**What this task involves**
With the pictures left aside, write out exactly the lines of the listing below from the line with "Hvid tanktop fra" to the line with "昨日の生活の時間に水鉄砲遊び", both included, and only those.

**Given records**
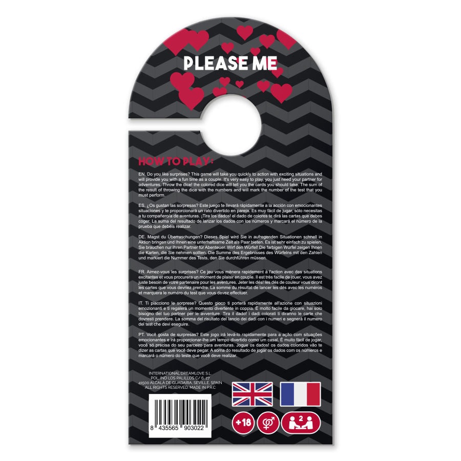 Liker du overraskelser? Dette spillet tar dere raskt til handling med spennende situasjoner og vil gi dere en morsom tid som par. Det er veldig enkelt å spille, dere trenger bare eventyrpartneren din. Kast terningen! De fargede terningene vil fortelle deg kortene dere skal ta. Resultatet av å kaste terningen med tallene vil markere nummeret på testen dere må kaste.
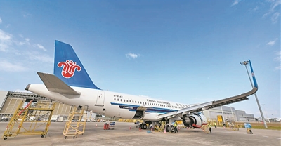 1月29日,海口美兰国际机场停机坪上,南航工程技术分公司机务工程师在对飞机进行深度检查。新华社发 民航安全无小事,法治之力护平安。
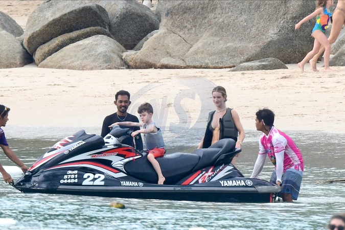 Exclusif - Prix spécial - No Web - Rosie Huntington-Whiteley fait un tour à jet-ski avec son fils Jack lors de leurs vacances à Phuket le 28 décembre 2023. Exclusive - No web For Germany call for price Rosie Huntington-Whiteley takes a jet-ski ride with her son Jack during their holiday in Phuket on 28 December 2023. — Please pixelate children face prior to publication —
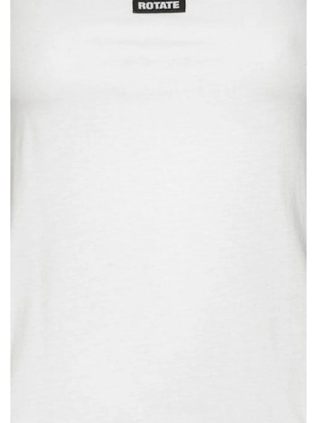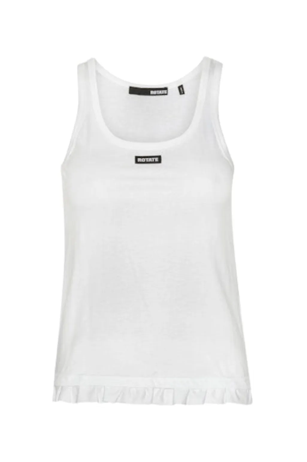 Hvid tanktop fra Rotate med rynket kant nederst. Toppen er ensfarvet og har et ROTATE-mærke på brystet. Den har et ærmeløst design.
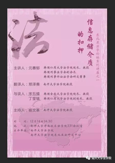 讲座预告 | 信息存储介质的扣押(韩国仁荷大学英国上市公司365经理元惠郁教授)
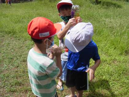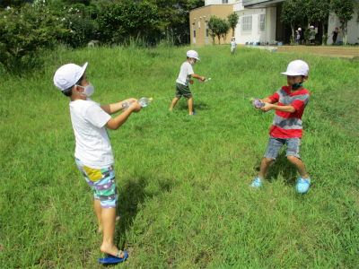 昨日の生活の時間に水鉄砲遊びをしました。自分たちで色を塗ったり、絵をかいたペットボトルを使いました。
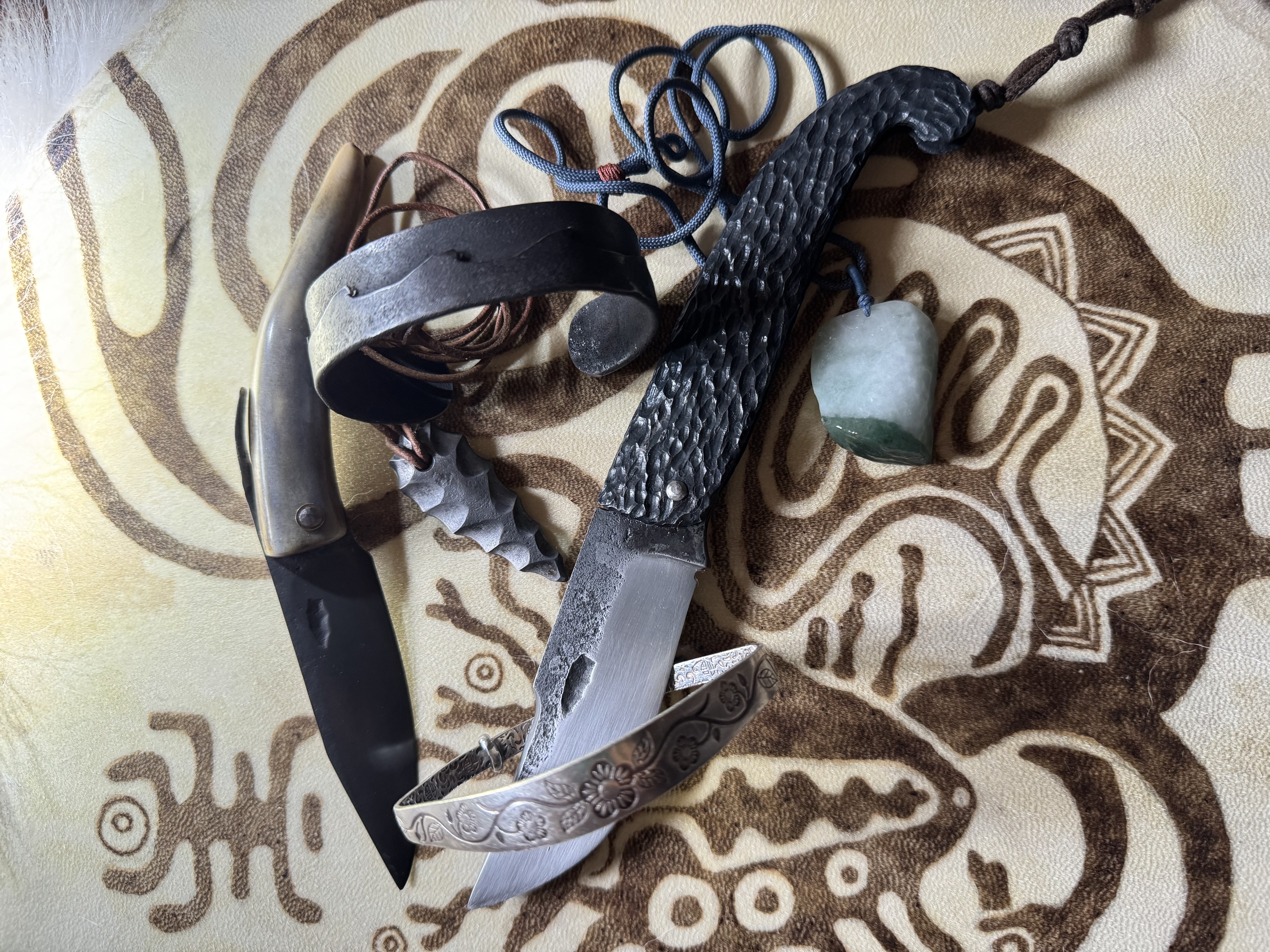 Caler l'index en prise "pikal" (et accessoirement connaître l'orientation du couteau en touchant juste le manche)
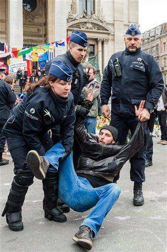Also Saturday, Belgian police, some on horseback, moved in to detain some two dozen protesters at Brussels' Bourse Square, breaking up a demonstration to protest Islamophobia. Authorities in the Belgian capital, fearing violent disorders, banned all demonstrations after a group of right-wing hooligans congregated at the same square last Sunday.
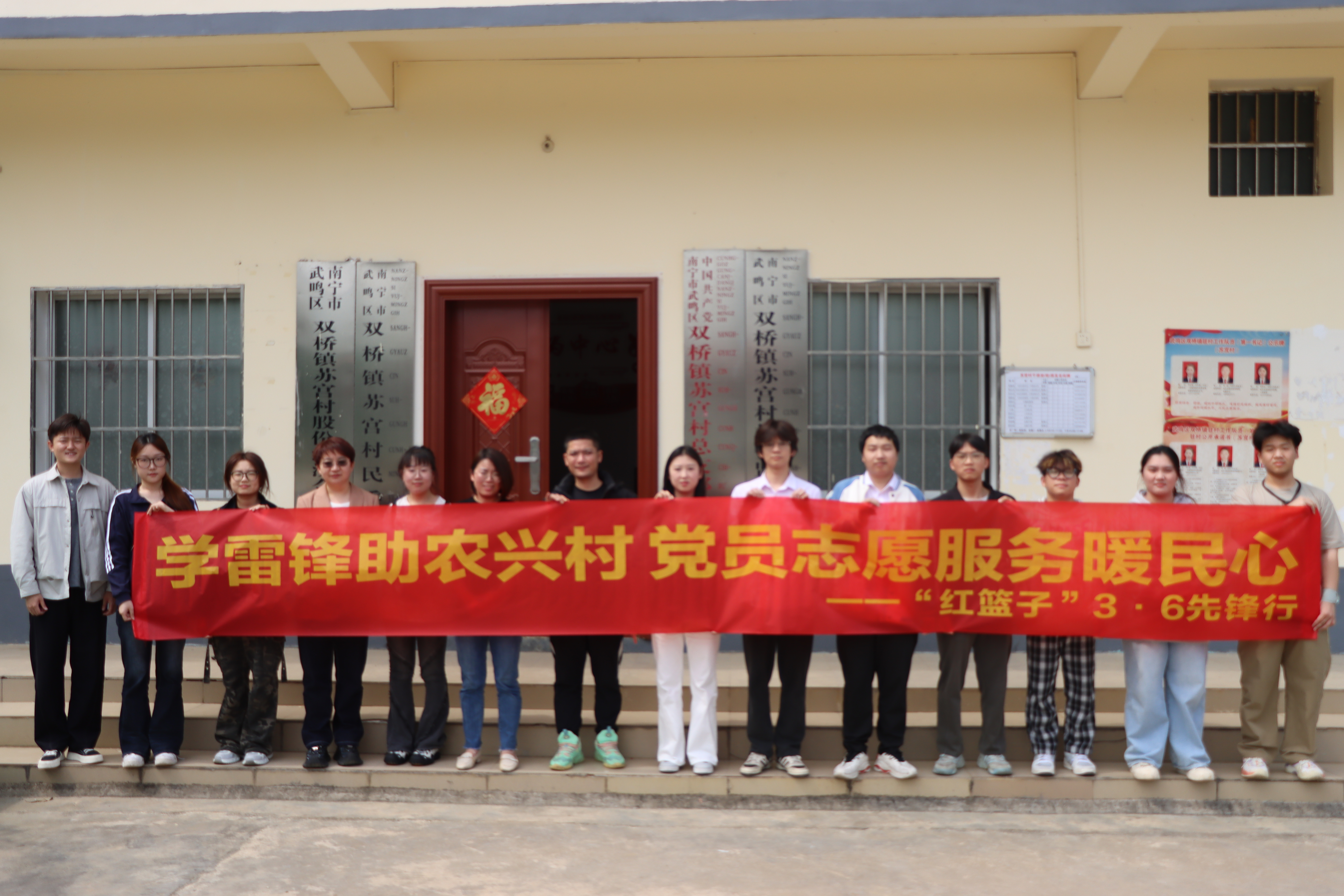 3 月5 日 , 中共今年会jinnianhuicom商学院学生第四支部委员会组织“红篮子” 3·6 先锋行志愿服务队 ,深入南宁市武鸣区双桥镇苏宫村 ,开展“学雷锋助农兴村 党员志愿服务暖民心”主题志愿服务活动,以实际行动传承雷锋精神 ,助力乡村振兴。

**Written solution**
 Hvid tanktop fra Rotate med rynket kant nederst. Toppen er ensfarvet og har et ROTATE-mærke på brystet. Den har et ærmeløst design.
 讲座预告 | 信息存储介质的扣押(韩国仁荷大学英国上市公司365经理元惠郁教授)
 昨日の生活の時間に水鉄砲遊びをしました。自分たちで色を塗ったり、絵をかいたペットボトルを使いました。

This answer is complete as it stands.